Select Committee on Defence Minutes of Evidence


Supplementary memorandum from the Department of Health (7 May 2002)

A copy of the letter sent to Civil Contingencies Secretariat by Dr Bruce Court, DOH Head of Emergency Planning Co-ordination Unit

  I am writing to you in response to the above discussion document on behalf of Dr Pat Troop who has responsibility for emergency planning as Deputy Chief Medical Officer.

  The document adopts a fairly "broad-brush" approach and particularly addresses the matter of organisational relationships. This is very important as the effectiveness of the emergency response is determined by the clarity and strength of relationships at all levels from local, through to regional and national.
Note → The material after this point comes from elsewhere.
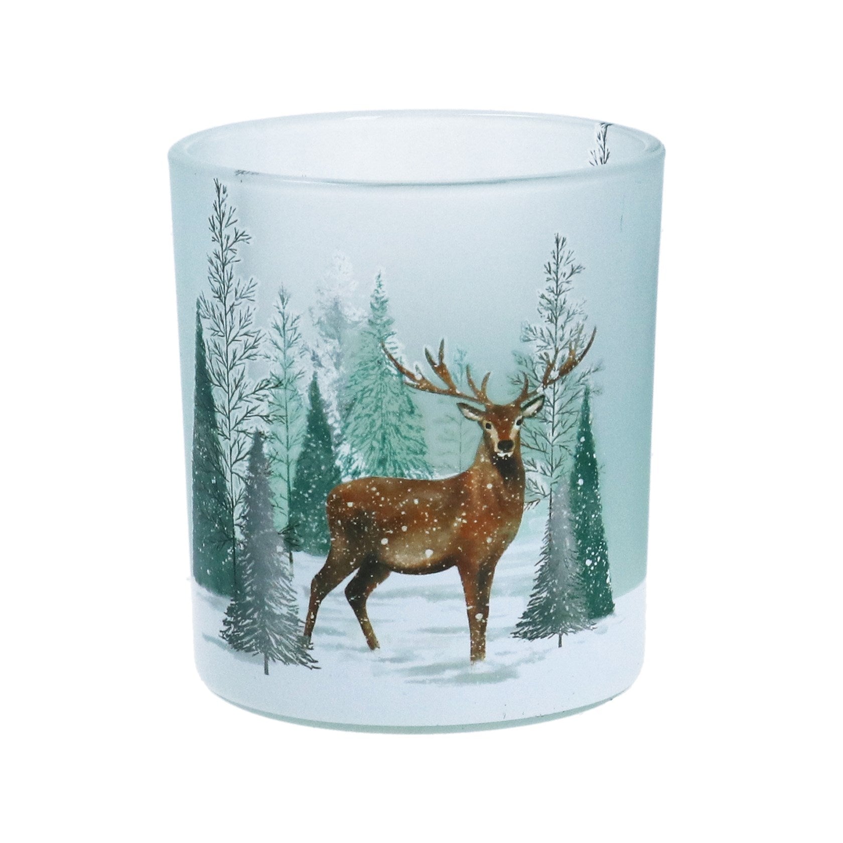 Festive Woodland Stag Snow Scene Glass Nite Lite, perfect for creating a cosy Christmas ambience. Dimensions: 8cm x 7cm x 7cm

  The duty to share in partnership is an excellent notion but one that only has credence as organisations actualise this. This means the venturing of trust and on occasions, finance to achieve mutually agreed emergency planning goals. Mechanisms need to be sought that are conducive to the growth of partnership and this is most likely to occur in locations where there is a strong history of collaboration between local authorities, health and the voluntary sector. The events of the 11 September are likely to have reinforced the public's expectation for "a proactive, speedy and caring response in emergencies, irrespective of legal obligations and potential costs".

  There is certainly a need to reduce unacceptable variation in the emergency planning function and this directly related to being prepared to have a clear framework for the development of multi-agency plans and greater consistency of work.
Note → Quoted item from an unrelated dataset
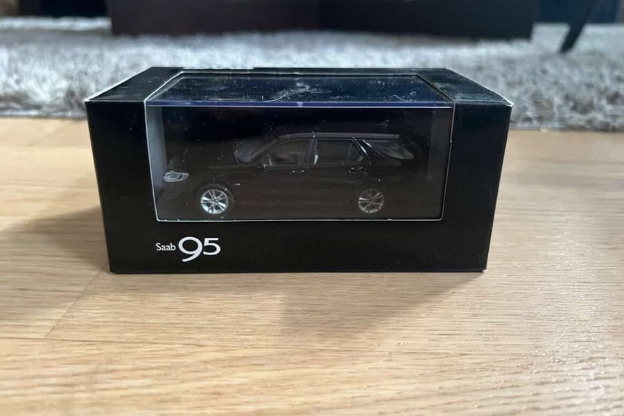 Modellbil av en Saab 9-5 i skala 1:43. Bilen är svart och kommer i en svart förpackning med texten "Saab 95" på framsidan.

  Leadership requirements alter according to the specific nature of the incident that is being dealt with eg an outbreak of communicable disease due to a deliberate or accidental situation requires experienced public health professional leadership.
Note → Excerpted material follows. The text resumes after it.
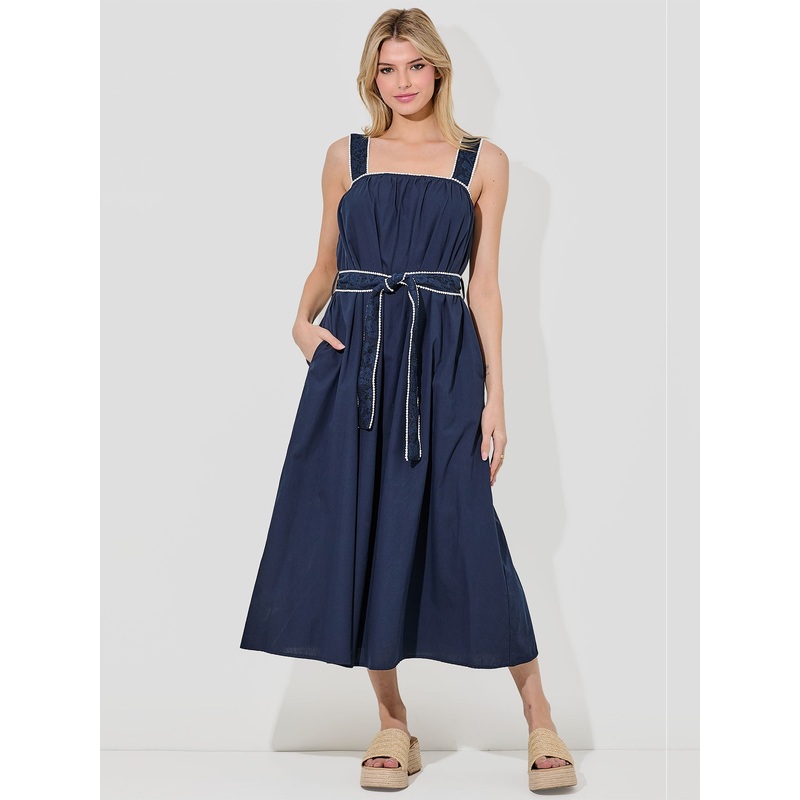 Bobble Trim Tie Midi Sun Dress BLUE – NAVY

  The DH document "Shifting the Balance of Power within the NHS—Securing Delivery" sets out organisational changes that are designed to support a bigger and longer term change in culture and ways of working. This is referred to in the Government's Response to the House of Commons Select Committee on Health's Second Report on Public Health. The formation of strong regional public health groups, co-located in the nine Government Offices of the Regions will have important functions in ensuring protection of health across each region including emergency and disaster planning and management. The Emergency Planning Co-ordination Unit has related to Health Emergency Planning Advisors in the regions and will continue to build appropriate national and international networks having been recently absorbed into the Public Health Group (PH5) of the Department of Health.

  The terrorist attacks in the USA cause us to think beyond our established organisational boundaries and to seek solutions that minimise duplication and maximise efficient and effective emergency preparedness, mitigation, response and recovery.